*EXERCISE GOAL*. Pictures must not appear in the copy. Restate exactly the lines below from the one with "SenseLab, Three Mile Meal, Montréal, 2013." through the one with "A Halloween Party", inclusive.

*DATA FOR PROCESSING*.

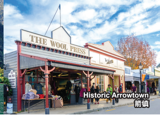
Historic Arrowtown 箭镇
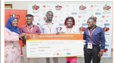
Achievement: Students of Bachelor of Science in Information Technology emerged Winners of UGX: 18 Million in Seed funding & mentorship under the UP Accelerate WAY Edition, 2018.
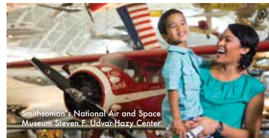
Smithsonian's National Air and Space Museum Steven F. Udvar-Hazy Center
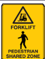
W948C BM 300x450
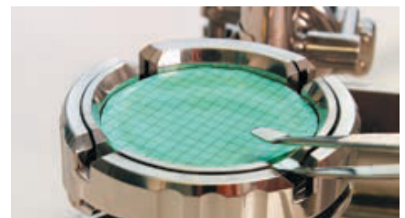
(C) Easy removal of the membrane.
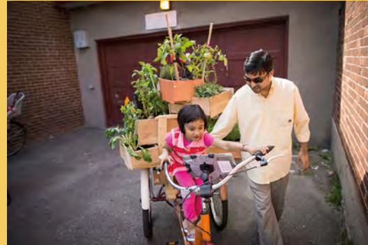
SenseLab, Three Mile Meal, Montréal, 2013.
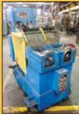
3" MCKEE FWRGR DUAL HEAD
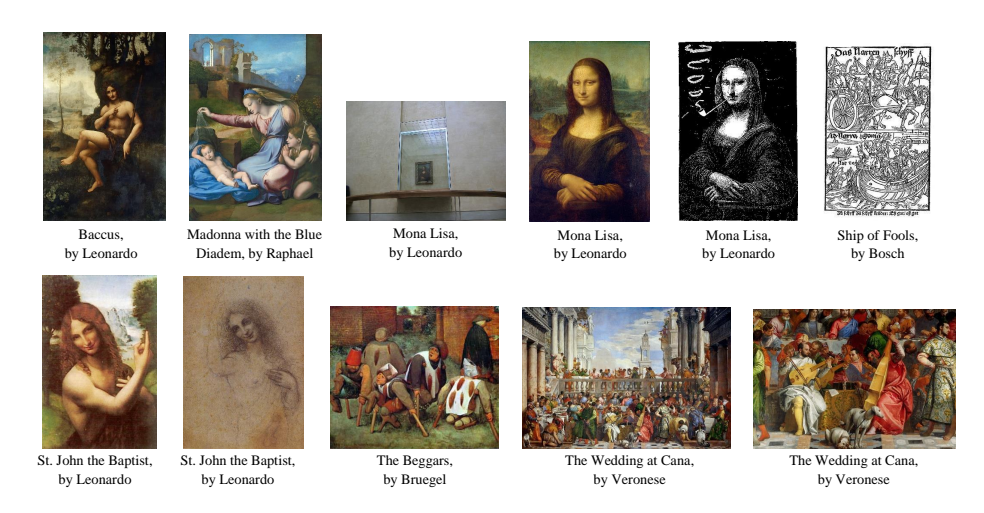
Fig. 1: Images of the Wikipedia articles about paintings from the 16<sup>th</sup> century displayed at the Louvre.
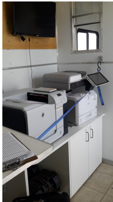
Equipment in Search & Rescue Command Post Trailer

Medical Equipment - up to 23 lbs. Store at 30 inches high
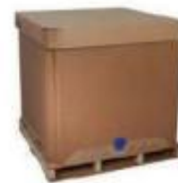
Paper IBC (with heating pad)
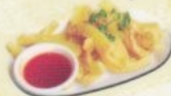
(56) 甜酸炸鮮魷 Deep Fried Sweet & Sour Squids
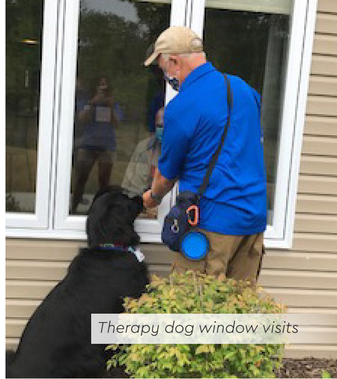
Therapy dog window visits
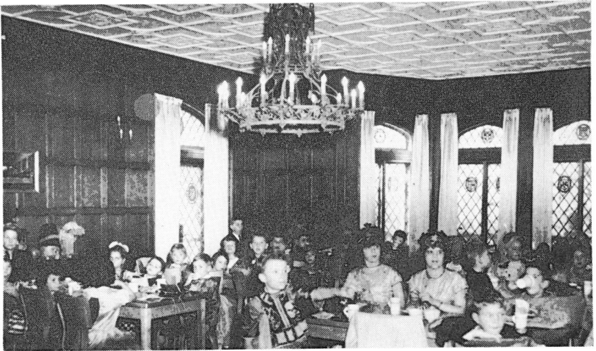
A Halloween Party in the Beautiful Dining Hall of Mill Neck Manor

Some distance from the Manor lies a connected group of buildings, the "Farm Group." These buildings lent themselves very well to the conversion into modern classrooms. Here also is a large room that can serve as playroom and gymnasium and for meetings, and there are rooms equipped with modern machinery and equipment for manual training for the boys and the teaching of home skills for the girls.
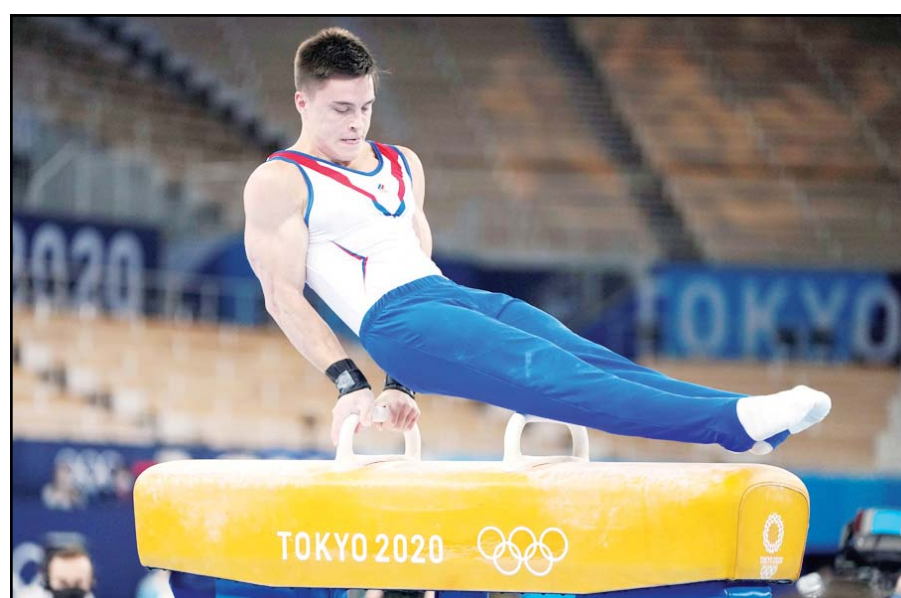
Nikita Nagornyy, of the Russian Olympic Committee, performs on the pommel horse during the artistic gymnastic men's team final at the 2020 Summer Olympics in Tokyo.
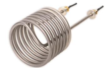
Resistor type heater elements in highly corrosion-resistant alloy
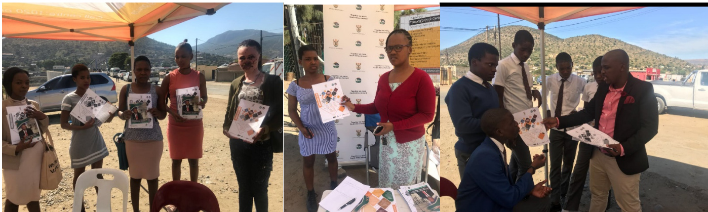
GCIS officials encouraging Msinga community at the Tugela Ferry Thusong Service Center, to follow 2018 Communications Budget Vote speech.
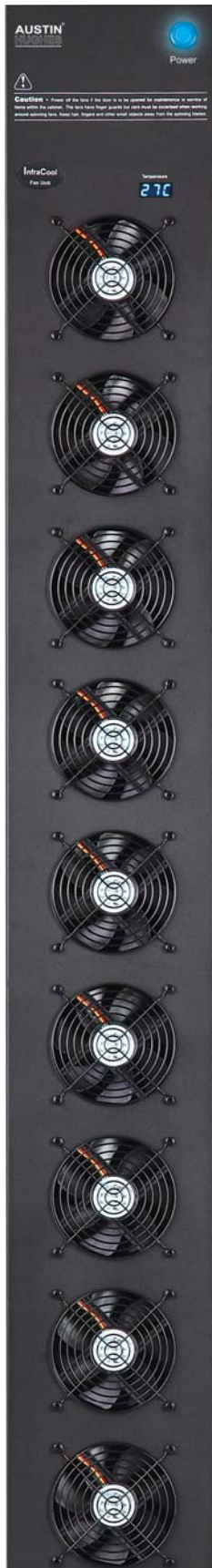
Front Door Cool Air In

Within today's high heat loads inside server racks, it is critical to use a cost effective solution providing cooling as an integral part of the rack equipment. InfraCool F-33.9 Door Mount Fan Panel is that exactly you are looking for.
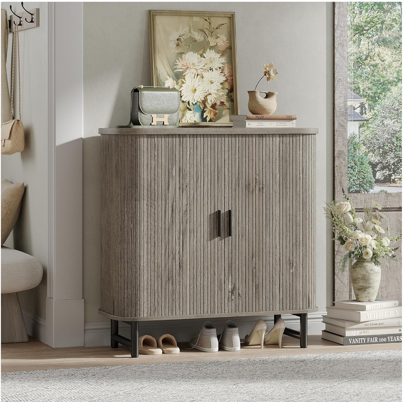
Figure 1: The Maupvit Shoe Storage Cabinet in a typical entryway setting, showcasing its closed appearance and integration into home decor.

*EXPECTED OUTPUT*.
SenseLab, Three Mile Meal, Montréal, 2013.
3" MCKEE FWRGR DUAL HEAD
Fig. 1: Images of the Wikipedia articles about paintings from the 16<sup>th</sup> century displayed at the Louvre.
Equipment in Search & Rescue Command Post Trailer

Medical Equipment - up to 23 lbs. Store at 30 inches high
Paper IBC (with heating pad)
(56) 甜酸炸鮮魷 Deep Fried Sweet & Sour Squids
Therapy dog window visits
A Halloween Party in the Beautiful Dining Hall of Mill Neck Manor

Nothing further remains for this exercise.